Un’impostazione che viene declinata in ogni ambito in cui Prima è presente con iniziative che valorizzano precisione, collaborazione e capacità di controllo, come già mostrato da progetti aziendali che uniscono valori sportivi e identità di marca . È un ecosistema in cui performance e attenzione al dettaglio diventano una cultura condivisa, applicabile anche ai processi assicurativi.

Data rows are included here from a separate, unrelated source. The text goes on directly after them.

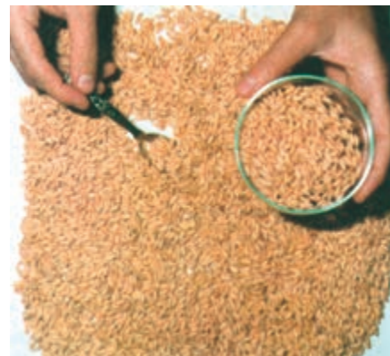
شکل ۲۰-۳- بذور عاری از علف هرز

(الف) استفاده از بذور عاری از بذور علف هرز (شکل ۲۰-۳):
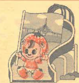
佐山ご当地レノ丸

佐山地区の人口（推計）2,485人（男：1,188人、女：1,297人）世帯数 1,024戸（2026.4.1現在）
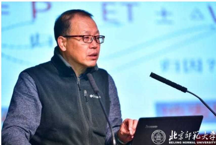
北京林业大学余新晓教授作特邀报告
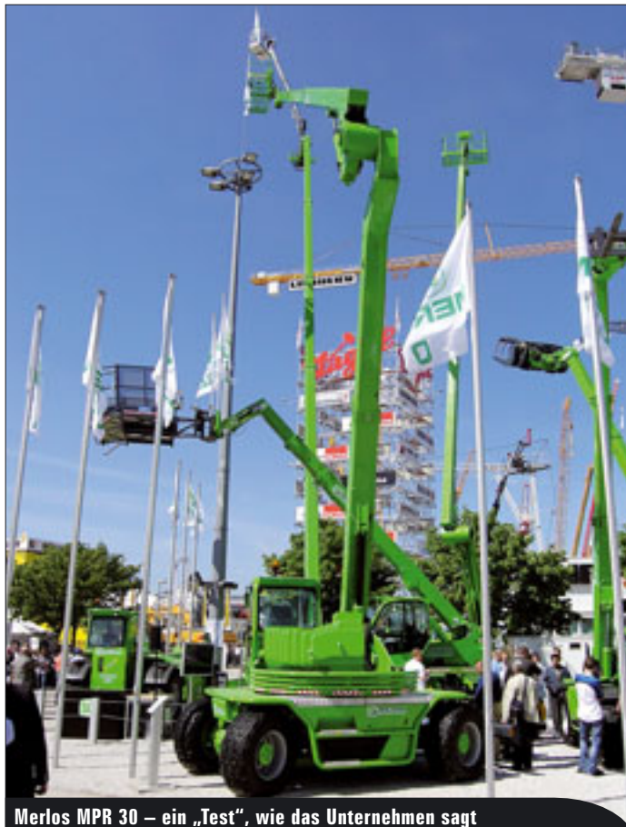
Merlos MPR 30 – ein „Test“, wie das Unternehmen sagt

Bison Palfinger hat das erste Modell der neuen TA-Baureihe vorgestellt, die TA 25 Business. Das neue Modell mit 24,5 Metern Arbeitshöhe auf 3,5-Tonnen-Chassis überrascht mit einigen Details. So besteht die Plattform, die den Unterwagen abdeckt, aus einem neuen Glasfaserverbund-Werkstoff. Eine seitliche „Wendeltreppe“ führt jetzt bequem auf die Plattform und von dort aus in den Korb.
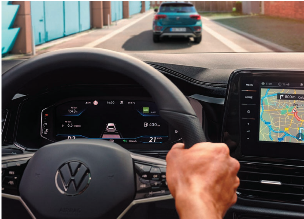
Digital Cockpit Pro.
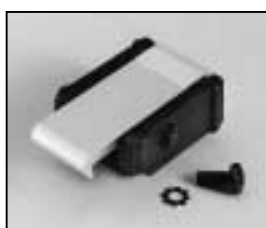
L4.79747.E Door catch Set Schnapphaken-Set
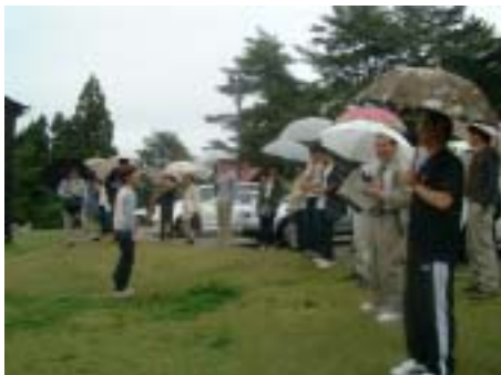
高多くんのレクチャー

レストラン「つくしんぼ」で、お昼ご飯のおこわおにぎりを食しながら、参加者と事務局の自己紹介を行い、しばらくの間、団らんしました。
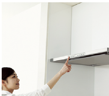
ボタンひとつで自動洗浄

（グッドデザイン賞審査委員の評価コメント 抜粋） 業界初の自動洗浄機能を搭載したレンジフード。全てにおいて省エネルギーに貢献し、デザイン的にも既存のキッチンやリビングにも違和感なくフィットするデザインを実現している。世界へ進出できる製品である。

Una tecnologia che accompagna l’evoluzione del settore

Per l’insurtech l’obiettivo non è ampliare indiscriminatamente l’adozione tecnologica, ma inserirla dove ha un impatto reale, contribuendo a rendere più chiari i passaggi operativi e più veloce la gestione dei percorsi assicurativi.

Questa traiettoria risponde a una richiesta crescente del mercato: servizi più rapidi, informazioni accessibili e un’esperienza coerente lungo tutto il ciclo di vita della polizza. L’intelligenza artificiale, in questo quadro, diventa uno strumento che accompagna l’evoluzione del settore senza sostituire le competenze umane, ma valorizzandole.

Una visione che anticipa il futuro della protezione

L’approccio di Prima Assicurazioni mostra come l’AI possa generare valore quando è adottata con pragmatismo e visione, integrandosi con processi interni e rete sul territorio. È un percorso in cui tecnologia, persone e organizzazione collaborano per costruire un modello operativo solido, efficiente e vicino agli utenti.

Questa prospettiva non guarda all’intelligenza artificiale come a una promessa distante, ma come a uno strumento capace di migliorare già oggi la qualità del servizio e la capacità di rispondere ai bisogni reali delle persone.